Widely adopted models for estimating channel geometry attributes rely on
simplistic power-law (hydraulic geometry) equations. This study presents
a new generation of channel geometry models based on a hybrid approach
combining traditional statistical methods (Multi-Linear Regression
(MLR)) and advanced tree-based Machine Learning (ML) algorithms (Random
Forest Regression (RFR) and eXtreme Gradient Boosting Regression
(XGBR)), utilizing novel datasets. To achieve this, a new preprocessing
method was applied to refine an extensive observational dataset, namely
the HYDRoacoustic dataset supporting Surface Water Oceanographic
Topography (HYDRoSWOT). This process improved data quality and
identified observations representing bankfull and mean-flow conditions.
A compiled dataset, combining the preprocessed dataset with datasets
containing additional catchment attributes like the National Hydrography
Dataset Plus (NHDplusv2.1), was then used to train a suite of models to
predict channel width and depth under bankfull and mean-flow conditions.
The analysis shows that tree-based ML algorithms outperform traditional
statistical methods in accuracy and handling the data but face
limitations in prediction capabilities for streams with characteristics
outside the training range.

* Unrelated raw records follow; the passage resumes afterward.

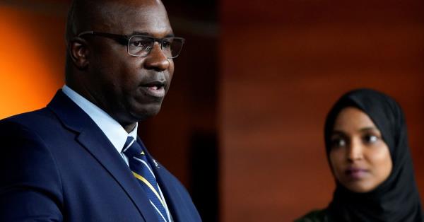 A major pro-Israel group is hoping to unseat Reps. Jamaal Bowman (D-N.Y.), left, and Ilhan Omar (D-Minn.). Threats to incumbents are prom<em></em>pting Justice Democrats to retrench.
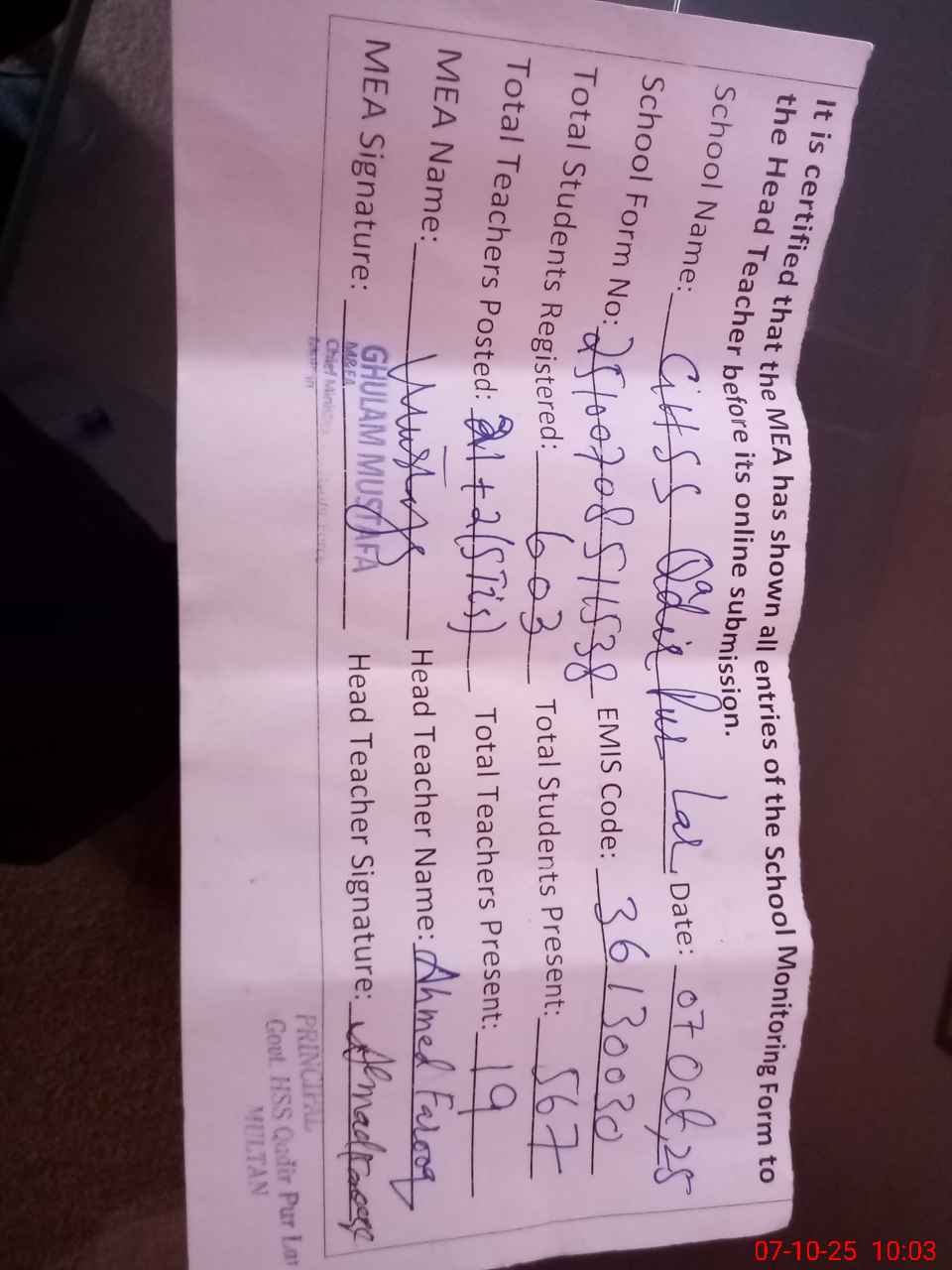 | Certified that this School was Inspected by the Undersigned MEA/DMO Today and the Information Stated Above is as Per Record. | |||||
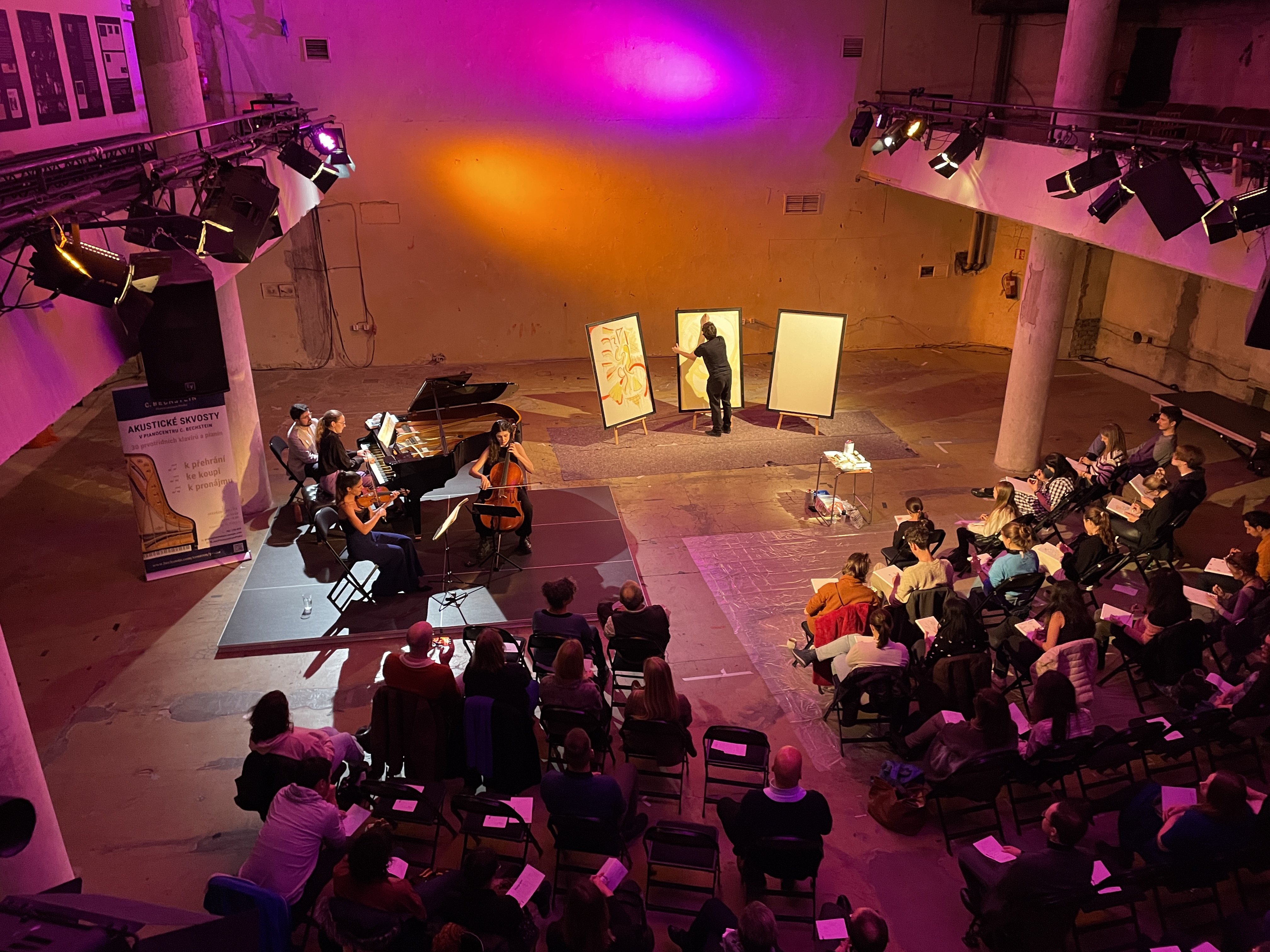 Collab’s Cordelia Piano Trio and painter Marius S. Binder created a live artwork on stage in response to the music. At the project’s Prague concert, audience members were given paints and canvases too. This expanded audience perception of the music in terms of colour, shape, and form, and was inviting for younger audiences and those new to classical music.
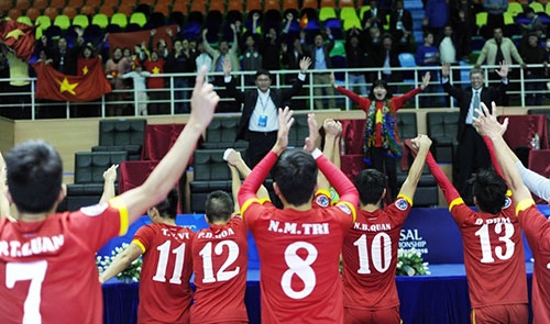 | Toàn đội futsal Việt Nam chạy tới khán đài cảm ơn sự cổ vũ nhiệt tình của những cổ động viên áo đỏ trên đất khách. |
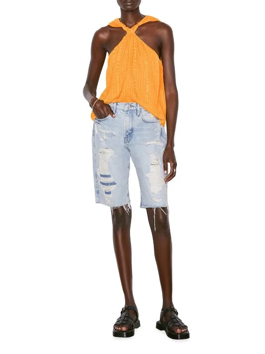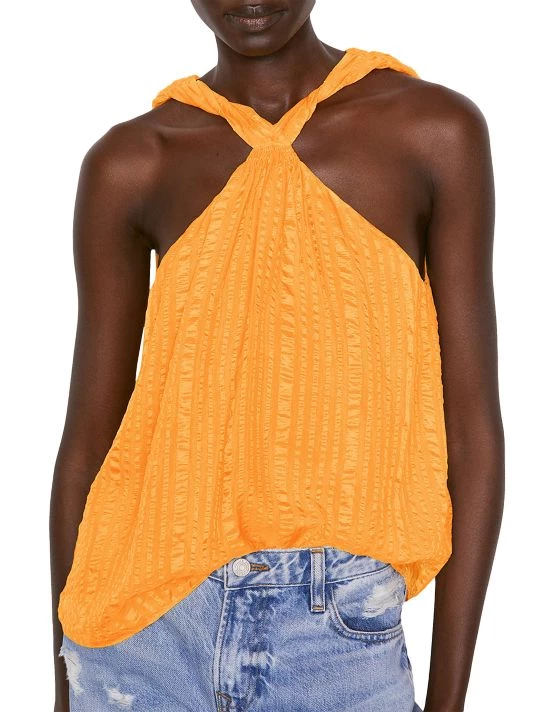 This draped halter top by Frame is crafted of textured cotton with a front twist detail.
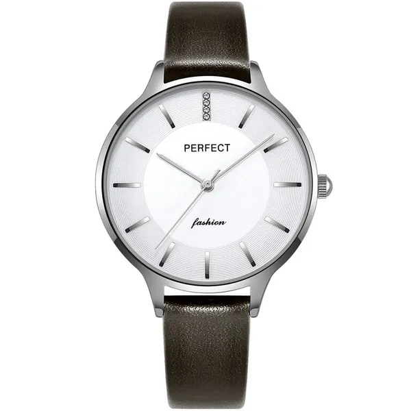 • Perfect női kvarc karóra, ezüst számlap, szürke bőrszíj, 36 mm
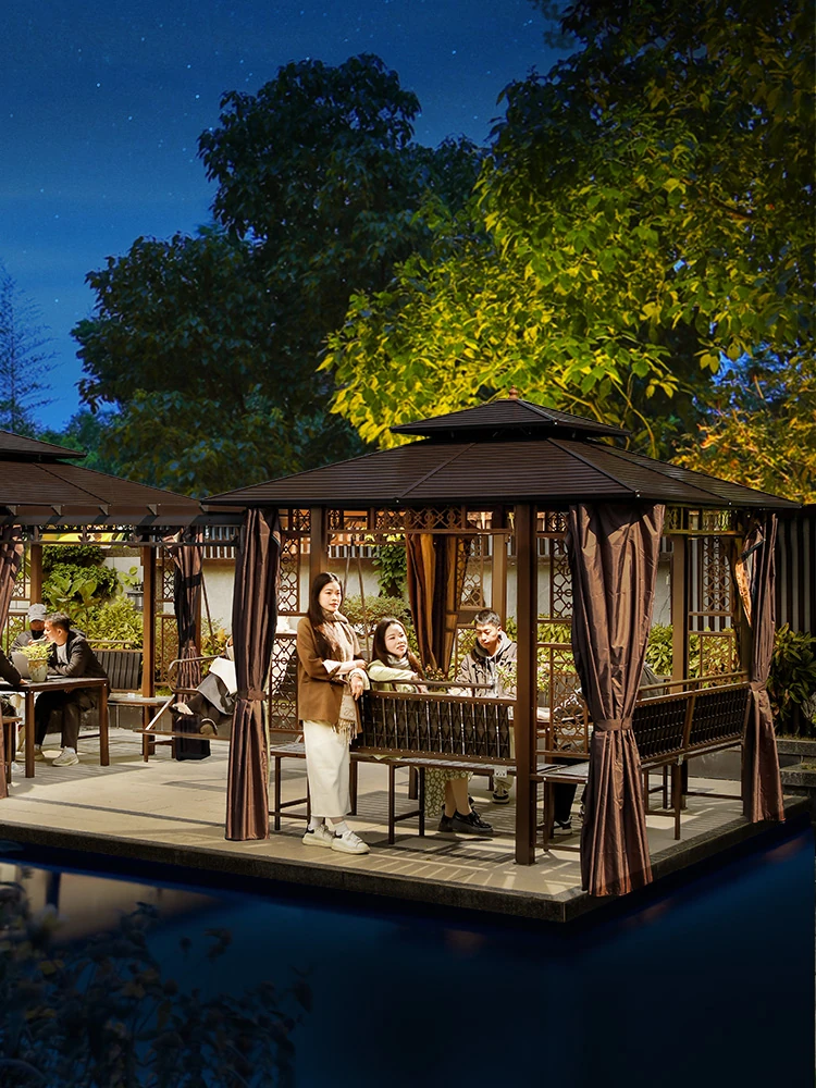 Mo Family Outdoor Pavilion - Elegant Chinese-Style Gazebo for Villas, Gardens, and Courtyards. Perfect for Sun Protection with a Stylish Sunshade Canopy for Your Outdoor Retreat!
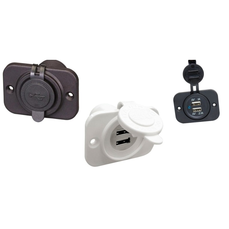 Presa USB doppia, completamente impermeabile con luce a led e fissaggio a vite.
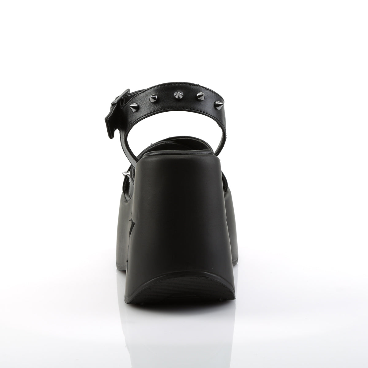 A black platform wedge sandal with a stable 5-inch base and studded straps.
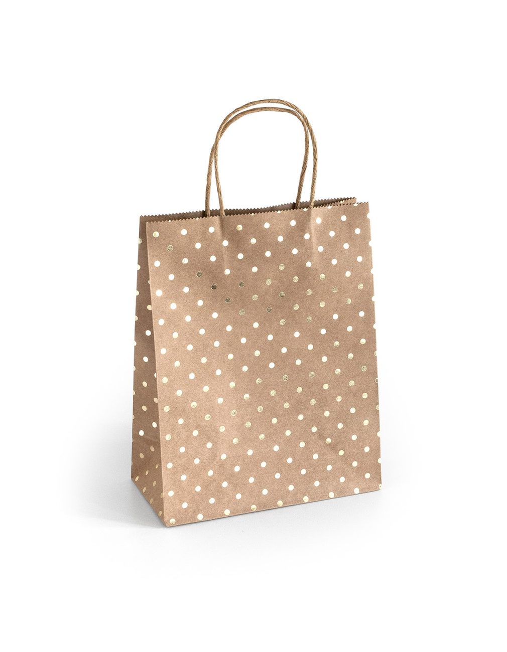 Strona główna » Pakowanie i wysyłanie » Papier pakowy, torebki » Torba papierowa kraft eko 5 sztuk Złote Kropki 25x10x20cm
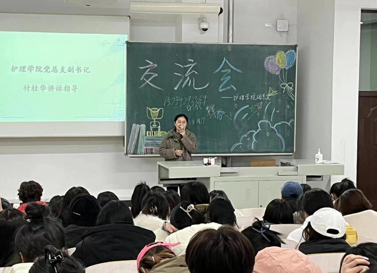 为培养学生的科学研究意识,不断提高实践能力,3月18日下午,护理学院在北区105教室举办“挑战杯”全国大学生课外学术科技作品竞赛经验交流会,交流会采用线上线下结合方式进行。护理学院党总支副书记付桂华、团总支书记王坤出席会议,500余名同学参加交流会。护理学院2019级学生薛棹月、病理学院2020级学生史心月分享了比赛经验。
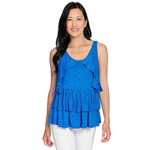 Kensie Damen XL Saphir ärmellos doppelte Rüschen ärmelloses Top Neu mit Etikett
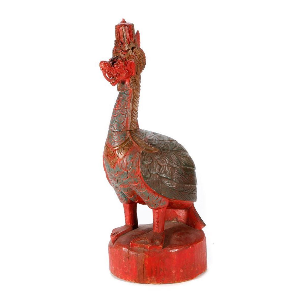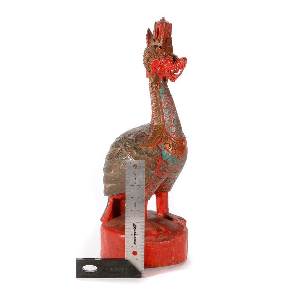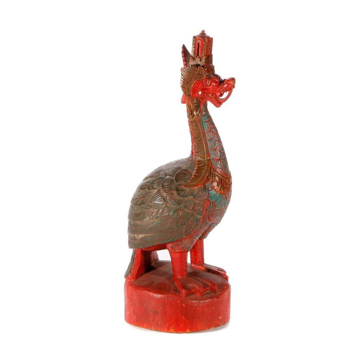 A Balinese wood carving of a mythical beast measuring 20 1/2 inches high x 7 1/2 diameter.
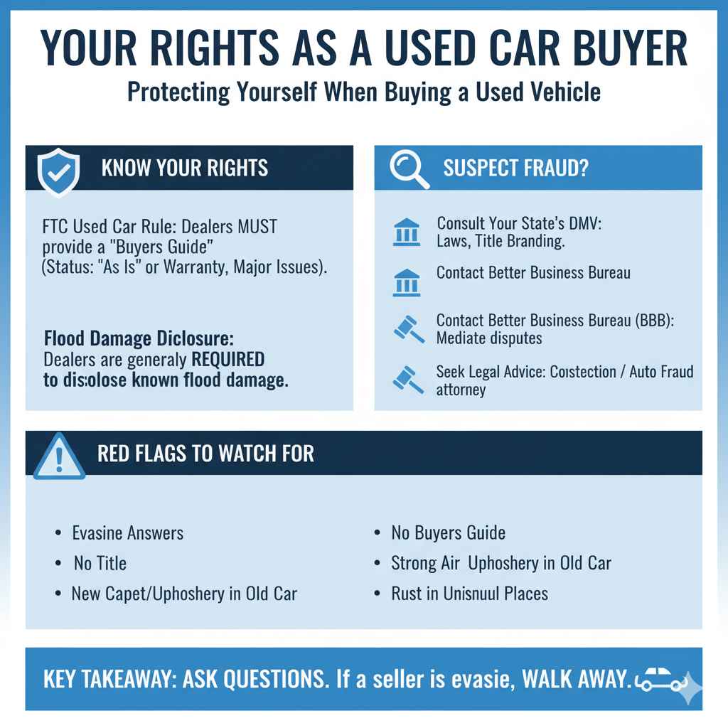 Laws vary by state, but in general, you have rights when purchasing a used vehicle. The FTC’s Used Car Rule requires dealers to provide a Buyers Guide, which indicates whether the car is sold “as is” or with a warranty and highlights major issues. Importantly, if a dealer knows a car has flood damage, they are generally required to disclose it. If you suspect a dealership has misled you about flood damage:
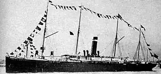 In 1903 American Line returned Belgenland to her owners, who changed her port of registration to Liverpool. She was given the UK official number 115353 and code letters TSRF.[6] She was reclassified for third class passengers only, and Red Star Line put her back on the route between Antwerp and Philadelphia.[5]
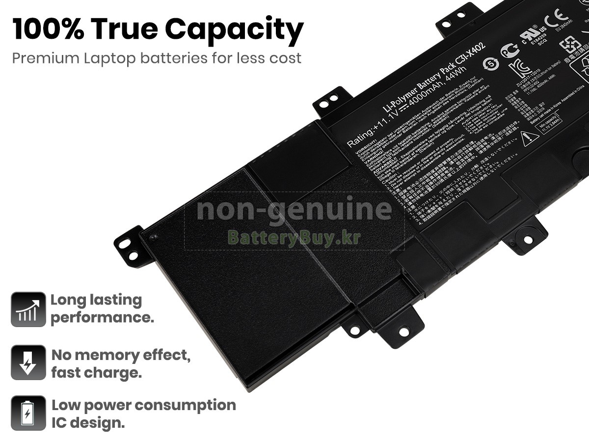 본 새로운 Asus C31-X402 대체용 배터리는 삼성, 파나소닉과 LG 등 오리지날 공장의 고품질 리튬이온셀을 적용하였고, 배터리의 케이스는 내용성 ABS플라스틱을 사용한 제품입니다. BatteryBuy.kr는 제품 안전성에 대해 요구가 엄격한 바 해당 Asus C31-X402 배터리 제품은 전부KC, CE, UL, ROHS, ISO 9001/9002 등 일련의 안전인증을 통과하여 국제표준에 부합되며 오리지날사의 규격과 100%로 호환가능하며 오리지널 C31-X402 배터리와 완전 매칭 심지어 초과 가능한 성능을 자랑하고 있습니다. 해당 Asus C31-X402 배터리의 충/방전 주기는 600회좌우인 바 최적의 배터리 라이프를 선사하고 있습니다.
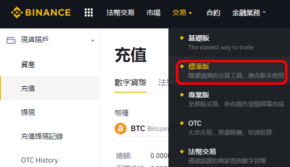 收到加密貨幣後,,要進行交易的話,請從選項“交易”進入“標準版”一項。
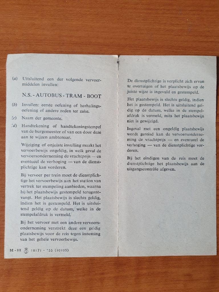 Plaatsbewijs voor een dienstplichtige
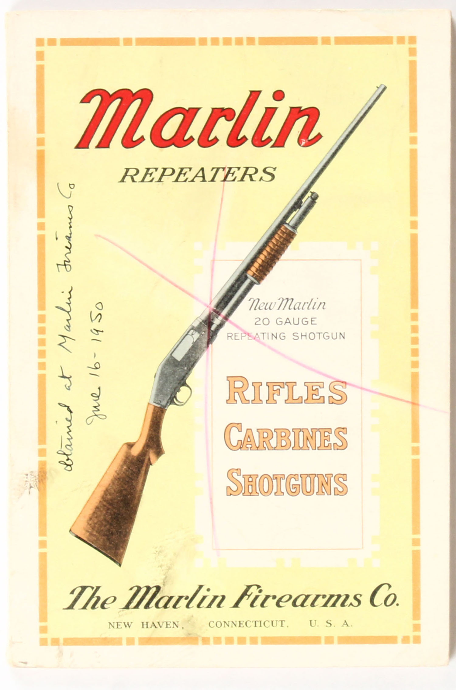Marlin Repeaters 1915, 136 pages, 5 1/4'' x 7 3/4''. Pages clean, b/w images, cover has an ''x'' drawn on it and other writing, binding tight. Grade: Very Good ++ - Value: 20 to 200
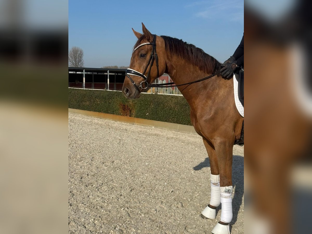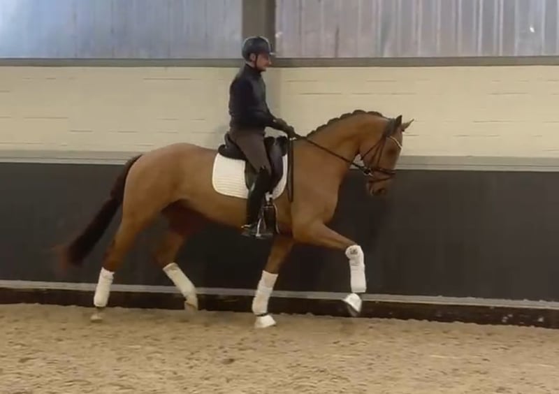 Hannoverian gelding, born in 2023, chestnut, with a height of 16.1 hh – a promising young talent for dressage. This charming chestnut impresses with his elegant appearance and solid foundation. He has already been well-started under saddle and is extremely friendly and eager to learn in handling. Thanks to his balanced temperament and good basic training, he is ideally suited for an ambitious dressage rider who values a strong foundation. With his modern look and potential, this Hannoverian gelding is an excellent investment for a future career in dressage. We look forward to hearing from interested parties.

Consequently, a hybrid method was selected,
combining XGBR for streams within the dataset range and MLR for those
outside it. Two tiers of models were developed for each attribute using
discharges derived from distinct sources (HYDRoSWOT and NHDPlusV2.1,
respectively), where the second tier of models offers applicability
across approximately 2.6 million streams within NHDplusv2.1.
Comprehensive independent evaluations are conducted to assess the
capability of the developed models in providing stream/reach-averaged
(rather than at-a-station) predictions for locations outside the
training and testing datasets.